Reproduce from the records below, with no pictures, exactly the lines between the one containing "Fig. 1. A typical autonomous landing maneuver" and the one containing "Cattleya Bactia 'Grape Wax'.", inclusive.

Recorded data
<<<<

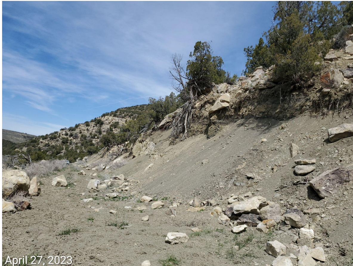
Photo 15: See comments under photo 9. Photo shows rock-falls from the unstabilized slopes has rendered the Location inaccessible by vehicle.
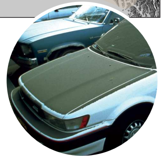
Inset photo. Ashfall on vehicle in Anchorage from Crater Peak eruption, August 18, 1992.
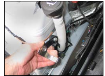
Fig. # 20
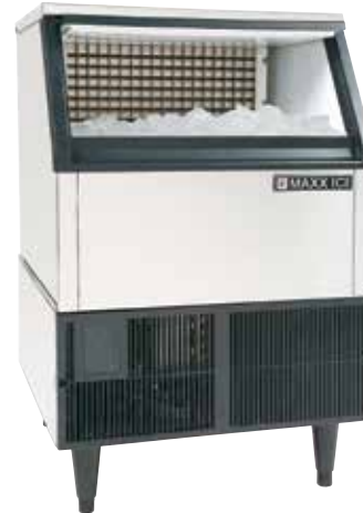
MIM265 24"W x 24"D x 38.6"H
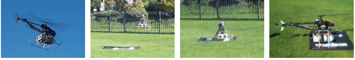
Fig. 1. A typical autonomous landing maneuver

helicopter is derived by minimizing the function
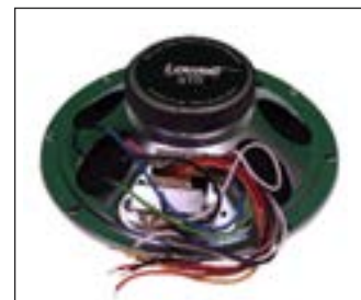
Both styles feature the dual cone driver with a mounted transformer.
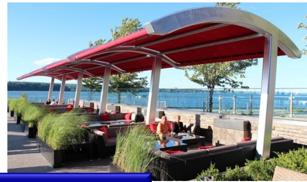
Restaurant & Bar 2012 - 2017
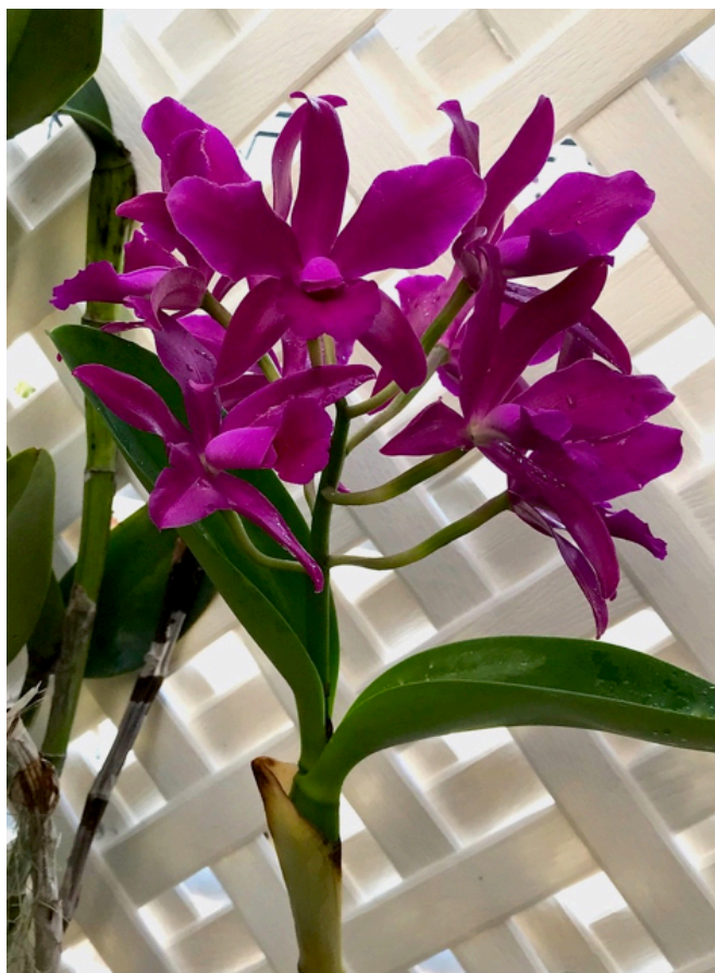
Cattleya Bactia 'Grape Wax'.
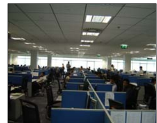
ABN AMRO Bank's Operations Offices at DOZ, the First LEED certified Commercial Interiors Project in the Middle East
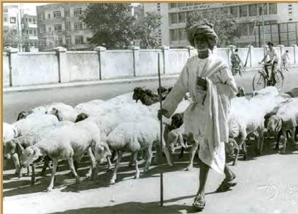
Shepherd and flock, central Pune, c. 1950
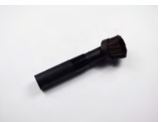
SV38/SHHB Small Round Horse Hair Brush [Soft]
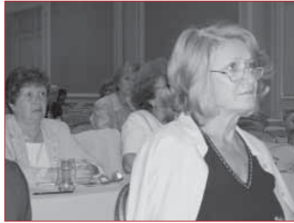
South Florida residents listen to an panel of thyroid experts and patient advocates at the free public education forum held during the Annual Meeting.
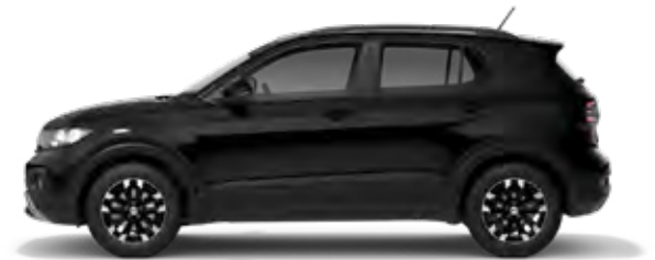
Deep Black Pearl

Please note that metallic and pearl effect paint are optional at extra cost. The print process does not allow for exact reproduction of the exterior or the upholstery colours. Please contact your Volkswagen Dealer for further information on colours and upholstery combinations.
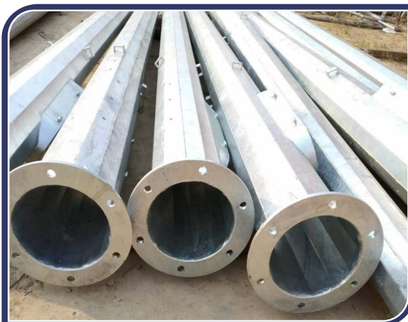
High Mast Poles (Plant)
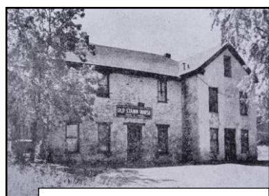
Early photo of Old Stamm House

The Pheasant Branch Hotel and Tavern (present day Stamm House, 6625 Century Ave., No. 3 on map ) was built in 1847 and first served as a store. It often stocked provisions needed by local residents and travelers, and for a time contained the Post Office for Pheasant Branch. Prior to the Civil War it supposedly served as a station on the "Underground Railroad," offering refuge to former slaves seeking freedom in the North. The Pheasant Branch Brewery was built nearby alongside the creek.

>>>>

Output below —
Fig. 1. A typical autonomous landing maneuver

helicopter is derived by minimizing the function
Both styles feature the dual cone driver with a mounted transformer.
Restaurant & Bar 2012 - 2017
Cattleya Bactia 'Grape Wax'.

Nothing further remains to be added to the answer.